Using custom data configuration default
Reusing dataset ag_news (/Users/chang/.cache/huggingface/datasets/ag_news/default/0.0.0/bc2bcb40336ace1a0374767fc29bb0296cdaf8a6da7298436239c54d79180548)


  0%|          | 0/2 [00:00<?, ?it/s]

### 2.2 How to manipuate HF Dataset
- https://huggingface.co/docs/datasets/processing.html

#### Metadata

In [4]:
display(type(dataset_agnews_train))
dataset_agnews_train


datasets.arrow_dataset.Dataset

Dataset({
    features: ['text', 'label'],
    num_rows: 120000
})

In [18]:
dataset_agnews_train.features

{'text': Value(dtype='string', id=None),
 'label': ClassLabel(num_classes=4, names=['World', 'Sports', 'Business', 'Sci/Tech'], names_file=None, id=None)}

In [10]:
display(dataset_agnews_train[0:1])

{'text': ["Wall St.

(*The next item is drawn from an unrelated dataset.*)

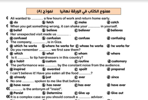 اختبار لغة انجليزية واجابته من متعدد للثانوية العامة

Bears Claw Back Into the Black (Reuters) Reuters - Short-sellers, Wall Street's dwindling\\band of ultra-cynics, are seeing green again."],
 'label': [2]}

In [42]:
dataset_agnews_train.features['text']

Value(dtype='string', id=None)

#### Split dataset

In [None]:
# inplace split
dataset_agnews_train.train_test_split(test_size=0.2)

#### Filter

In [29]:
dataset_agnews_train.filter(lambda e: e['text'].startswith('Wall Street'))[:1]

Loading cached processed dataset at /Users/chang/.cache/huggingface/datasets/ag_news/default/0.0.0/bc2bcb40336ace1a0374767fc29bb0296cdaf8a6da7298436239c54d79180548/cache-ca8d37282eca128f.arrow


{'text': ['Wall Street to Open Little Changed  NEW YORK (Reuters) - Wall Street is seen opening little  changed on Monday as crude prices remain high, but insurers may  dip on worries about their potential liabilities after a  hurricane struck Florida on Friday.'],
 'label': [2]}

### 2.3 Convert HF Dataset with Pytorch Dataset and DataLoader
- https://huggingface.co/docs/datasets/torch_tensorflow.html

- One can convert HF to different formats (ie Torch, TF, pandas)

In [5]:
# First use HF dataset and pre-process with Bert
from transformers import AutoTokenizer
#dataset = load_dataset('glue', 'mrpc', split='train')
tokenizer = AutoTokenizer.from_pretrained('bert-base-cased')

# To use datasets.Dataset.map() to update elements one needs provide a function with the following signature: 
# function(example: dict) -> dict
def preprocess(e):
    return tokenizer(e['text'], truncation=True, padding='max_length')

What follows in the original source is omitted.